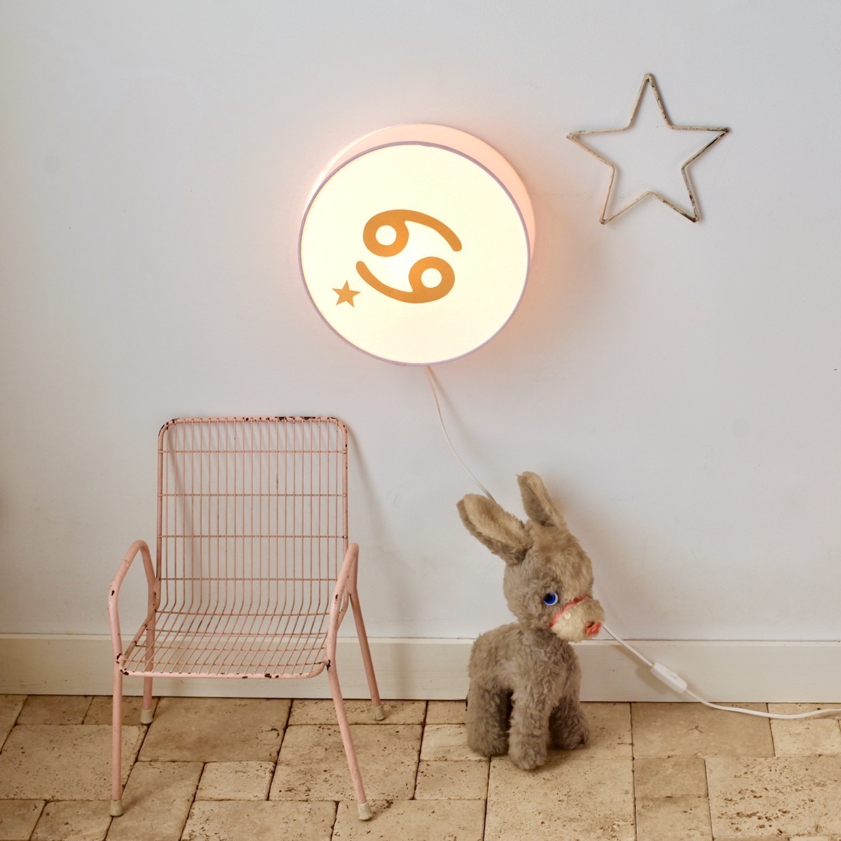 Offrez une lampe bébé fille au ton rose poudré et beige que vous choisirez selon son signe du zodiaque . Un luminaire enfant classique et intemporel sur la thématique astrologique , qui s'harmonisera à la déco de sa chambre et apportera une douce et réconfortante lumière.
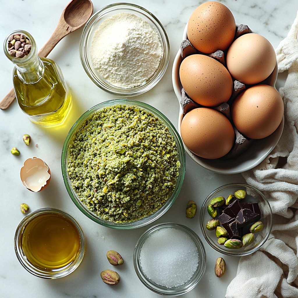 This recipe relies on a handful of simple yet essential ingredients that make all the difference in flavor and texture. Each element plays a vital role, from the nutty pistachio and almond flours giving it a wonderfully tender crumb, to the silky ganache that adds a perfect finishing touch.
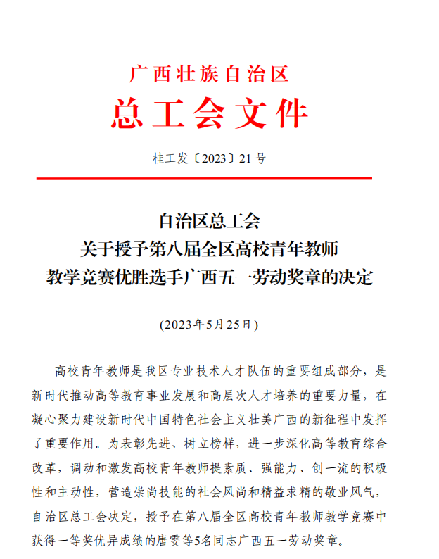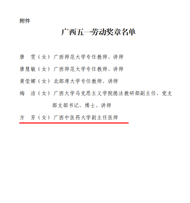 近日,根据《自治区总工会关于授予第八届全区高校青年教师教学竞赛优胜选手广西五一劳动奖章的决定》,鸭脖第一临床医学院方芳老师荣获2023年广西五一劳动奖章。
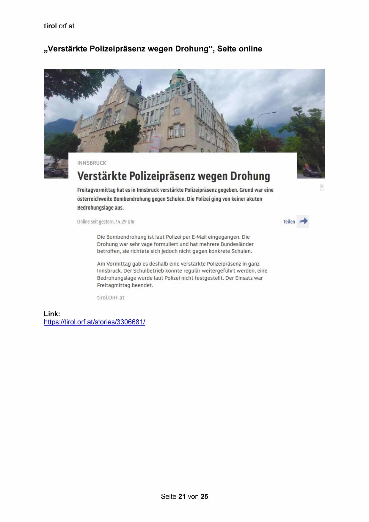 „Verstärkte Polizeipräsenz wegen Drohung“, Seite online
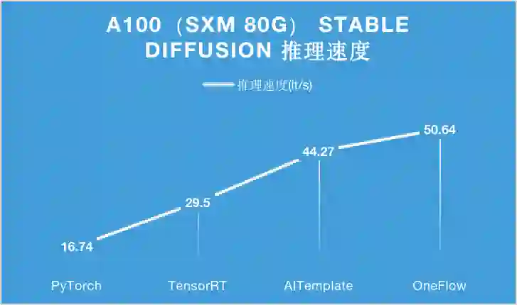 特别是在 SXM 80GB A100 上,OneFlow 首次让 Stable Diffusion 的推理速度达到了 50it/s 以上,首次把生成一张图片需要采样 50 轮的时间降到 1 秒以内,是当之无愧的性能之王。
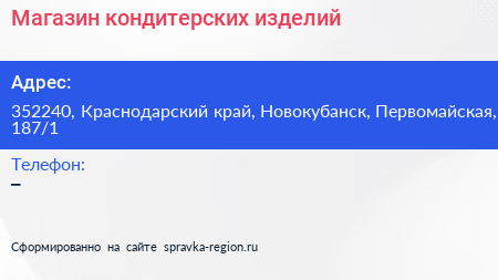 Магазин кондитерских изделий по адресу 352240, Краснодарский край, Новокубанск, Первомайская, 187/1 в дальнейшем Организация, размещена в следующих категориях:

------------------------------------

Print the records exactly, every one. Leave out the pictures.

--- ANSWER TO THE PROBLEM ---
 Offrez une lampe bébé fille au ton rose poudré et beige que vous choisirez selon son signe du zodiaque . Un luminaire enfant classique et intemporel sur la thématique astrologique , qui s'harmonisera à la déco de sa chambre et apportera une douce et réconfortante lumière.
 This recipe relies on a handful of simple yet essential ingredients that make all the difference in flavor and texture. Each element plays a vital role, from the nutty pistachio and almond flours giving it a wonderfully tender crumb, to the silky ganache that adds a perfect finishing touch.
 近日,根据《自治区总工会关于授予第八届全区高校青年教师教学竞赛优胜选手广西五一劳动奖章的决定》,鸭脖第一临床医学院方芳老师荣获2023年广西五一劳动奖章。
 „Verstärkte Polizeipräsenz wegen Drohung“, Seite online
 特别是在 SXM 80GB A100 上,OneFlow 首次让 Stable Diffusion 的推理速度达到了 50it/s 以上,首次把生成一张图片需要采样 50 轮的时间降到 1 秒以内,是当之无愧的性能之王。
 Магазин кондитерских изделий по адресу 352240, Краснодарский край, Новокубанск, Первомайская, 187/1 в дальнейшем Организация, размещена в следующих категориях:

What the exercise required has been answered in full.